If computing (INT_MIN % -1) reliably resulted in a processor exception, it wouldn’t be that bad. However, the behavior is not reliable. For example, when GCC can show that the arguments to the expression are constant, it folds the expression into the expected zero result. In effect, this is a new kind of undefined behavior (LLVM explicitly gives undefined semantics to this case).

The real problem here is that the C standard has specified a semantics for the % operator that doesn’t have a fast implementation on common instruction set architectures. C people really hate it when their language does anything slowly. So this is basically a flaw in the standard that should be fixed — I’ve heard that C1X will do exactly that.

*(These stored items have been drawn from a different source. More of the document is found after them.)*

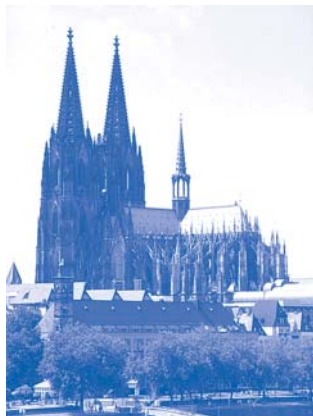
Der Kölner Dom steht auf der »Roten Liste« der UNESCO.

1972 hat die UNESCO das »Internationale Übereinkommen zum Schutz des Kultur- und Naturerbes der Welt« (Welterbekonvention) verabschiedet. Die Liste des Welterbes umfasst 788 Stätten in 134 Ländern. In Deutschland sind rund 30 Kultur- und Naturstätten als UNESCO-Welterbe verzeichnet. In der »Roten Liste« werden Denkmäler eingetragen, deren Zustand und Erhaltung durch menschliche Eingriffe, Naturkatastrophen oder durch neue Planungen und Veränderungen des Umfelds bedroht ist. Mit dieser Liste weckt die UNESCO das öffentliche Interesse und die Aufmerksamkeit der politisch Verantwortlichen, um den betroffenen Staat zum Handeln und die Staatengemeinschaft zur Unterstützung zu bewegen. Weltweit stehen rund 33 Welterbestätten auf der Roten Liste.
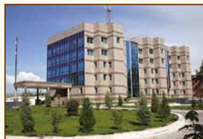
Национальный банк Таджикистана Административное здание
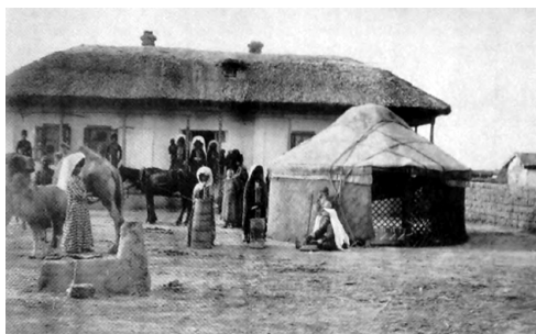
4. kép. Megtelepült nogaj pásztor falusi háza.

Legkorábbi falvaink képe tehát még erősen emlékeztet a nomád szállásokéra, amelyeken az élet is hasonlóképpen folyt, de ez már nem ideiglenes, hanem állandó település volt. A gazdálkodás is eléggé külterjes volt, de az állatállomány olyan egyedekkel bővült, mint a sertés és a házi szárnyas, amelyeket a nomádok soha nem tartanak. E korai falvaink szerkezete, építményei igen hasonlóak a Don-vidéki, az egykori levédiai és etelközi településekre, mint ahogyan a lakóik által használt edények is. A könnyűszerkezetes építmények, sátrak alakjára viszont csak következtetni tudunk. Az egész eurázsiai pusztai övezetben egészen a 20. századig általános gyakorlat volt, hogy a megtelepült nomádok sokáig megőrizték a kényelmes, könnyen összerakható, szellős és szép szőnyegekkel díszített nemezsátrat. Így volt ez az oroszországi nogajoknál is, akik falusi házuk udvarán szintén felállították a régi időkre emlékeztető rácsos szerkezetű nemezsátrukat, ott fogadták a vendégeket, ott időztek velük (4. kép). Hasonló szokások élhettek a mi őseinknél is, még hosszú ideig a megtelepedés után. Nem véletlen tehát, hogy Ottó freisingi püspök, aki 1147 nyarán III. Konrád német király kíséretében utazott át Magyarországon, azt írja, hogy a magyarok „[...] az egész nyarat és őszt sátrak alatt töltik”. 15 (A német uralkodó a második kereszties hadjárat keretében hatalmas sereget vezetett ekkor a Szentföldre.)
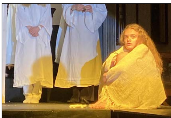
Tekst og fotos: Julie Kronbach-Andersen. Billedtekst: Redaktionen
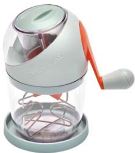
Sauce Maker BBS 155020.01
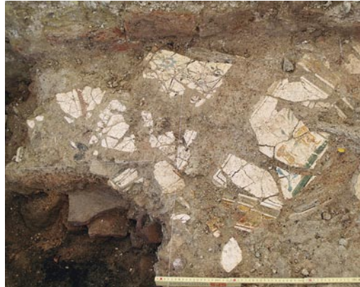
Abb. 7: Kallnach, Hinterfeld, römischer Gutshof. Bemalter Verputz in Fundlage. Er stammt vermutlich von der Decke der porticus (3).

Auf dem untersuchten Areal fanden sich drei gemauerte Kanäle, die das Abwasser aus dem Badetrakt und aus anderen Teilen der Villa abführten (vgl. Abb. 3). Ihre Wände waren teils mit Terrazzomörtel verputzt, die Sohlen mit Hypokaust- oder Dachziegeln belegt. Der grösste Kanal hatte eine lichte Weite von 60 × 100 cm. Kanal (264) führte leicht schräg, dicht ausserhalb von Raum 4 vorbei (Abb. 8) und mündete etwa 10 m südlich der Gebäudefront in den Ost-West verlaufenden Kanal (342). Die Anbauten an der Aussenfront von Mauer (193) sowie die Hofmauern entstanden nach dem Kanalbau. Den Ansatz eines weiteren, nur einige Zentimeter tiefen Kanals (287) haben wir an der Südwestecke von Raum 3 erfasst. Eine dicht an der westlichen Grabungsgrenze in Kanal (342) mündende Rinne (372) dürfte das Endstück von (287) sein. Nebst Dachwasser könnte (287) auch das Abwasser

I should point out that not everyone agrees that the C standard requires INT_MIN % -1 to evaluate to 0. Section 6.5.5 p6 it says:

When integers are divided, the result of the / operator is the algebraic quotient with any fractional part discarded. If the quotient a/b is representable, the expression (a/b)*b + a%b shall equal a.

Some people read this as saying “if / has an undefined result, then % does also.” The more common reading is “if the quotient is representable, this equality holds, but the definition of % is unaffected.”

C1x Committee Draft now says:

6.5.5p6: “When integers are divided, the result of the / operator is the algebraic quotient with any

fractional part discarded.105) If the quotient a/b is representable, the expression

(a/b)*b + a%b shall equal a; otherwise, the behavior of both a/b and a%b is

undefined.”

So INT_MIN % -1 is now clearly an undefined behaviour.

Hi Olivier- I’d heard about this, but hadn’t looked up the language. This is definitely an improvement!